Well, it's a newspaper article written by who would be a source, of sorts:

>The FIS - the government agency responsible for toxic oil syndrome - refused to release details of the fieldwork carried out or any background information. However, the families described in the reports were given code numbers and these could be matched against the official list of victims which then became part of the trial documentation. Eventually we identified the families supposedly interviewed for the key epidemiological reports and went to see them.

I'd be interested if they have any full detailed notes about interviews published anywhere, other than the documentary.

The article is from 2001, the study you mention from 2002.

Also that part was covered in my opinion, as the article states "Nor was the oil theory underpinned by any laboratory science. In the years since the 1981 outbreak, the suspect oils have been analysed in leading laboratories throughout the world. No chemical, or contaminant, that would account for the symptoms observed in the afectados has ever been found."

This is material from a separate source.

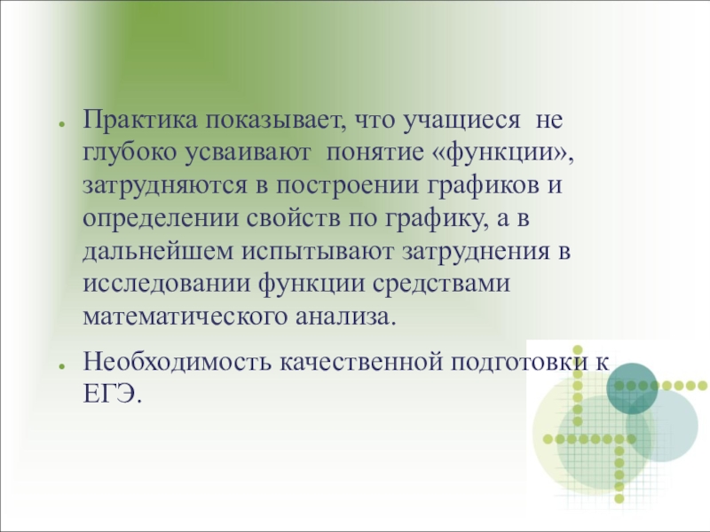Слайд 6Практика показывает, что учащиеся не глубоко усваивают понятие «функции», затрудняются в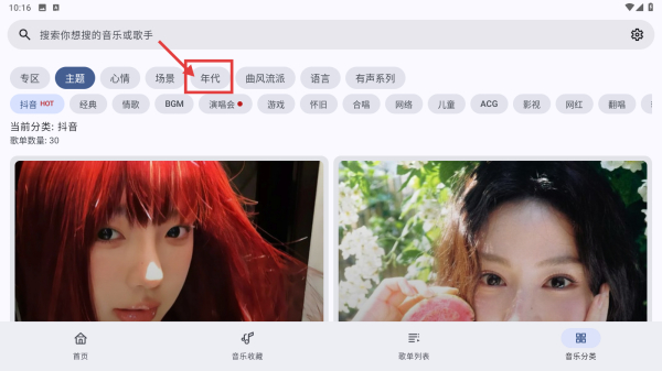 2、在分类页面,点击年代标签,进入年代内容当中。

Sure we could deplore the lack of citations. Of all the newspapers I read, only one lists sources at the end of the article. Unfortunately it's not common practice.

Note the last paragraph that suggests that this isn't just the 80s scandal, but something that is on-going today as well:

> An internal German government memo was recently leaked to Der Spiegel. According to this, the monitoring of imported produce had revealed that there continued to be unsafe pesticide residues on fruit and vegetables from Spain. Some peppers were "highly contaminated" and the residues had "reached levels we can no longer tolerate". It was the last line of the memo that was most telling: "Under no circumstances should the general public be informed."

This absolutely blew my mind. I cannot imagine why government folk, presumably mostly decent folk, fall in line with this. They are not just harming others, they are harming themselves.
To be fair, the article was published in 2001.
If only we'd known back in 2001 that we were living in the bad old days when governments were irresponsible! At the time, we thought the new, shiny future had arrived!

Of course, we don't need to worry about this today, because the new, shiny future has arrived.

I started to read the article but after reading some paragraphs it still continues spreading mistrust about scientists. This is a very bad indicator in my experience. I think there was some article about it here some time ago, since we cannot attack the science we attack the scientists. I skimmed the rest. I can believe in a government cover up, but I don't see the motivation. The article says it was to cover that some pesticides were harmful, but if that was the case the epidemic should have been more widespread. I don't see also the Spanish government covering a foreign multi national by spreading fear about oil in Spain. A link to the Der Spiegel article would have been great. There are lots of vegetables produced in Spain, that some have too high levels of pesticides is obvious, the question is how many but there is no mention of it. To me the article smells like FUD.
I started to read your comment, but stopped after the first sentence when you made it clear you didn't read the article.
Very interesting article and sounds well researched and conclusive on the toxic oil case. I'm not expert enough to draw any real conclusions or doubt the evidence but it seems all rather sound. But his wholesale dismissal of most of science as agenda driven is just absurd.

The US case... might be possible if it's to protect local industry, like the whole fracking instanity. That being said, the line he draws from the Spanish case to conclude without any actual evidence that the newer cases are the same is spurious at best and just pure conjecture. I highly doubt that German ministerial staff would avoid food warnings for a known polluted food. They give such warnings or ban sales all the time and certainly wouldn't risk their heads for some Spanish farmers. No link to the PDF or hint at the source makes this sound like just a typical crackpot.

As the author said, the media is not always to be trusted and while scientists might worry about funding, journalists certainly often have to make bold claims and publish unverified theories to make a living.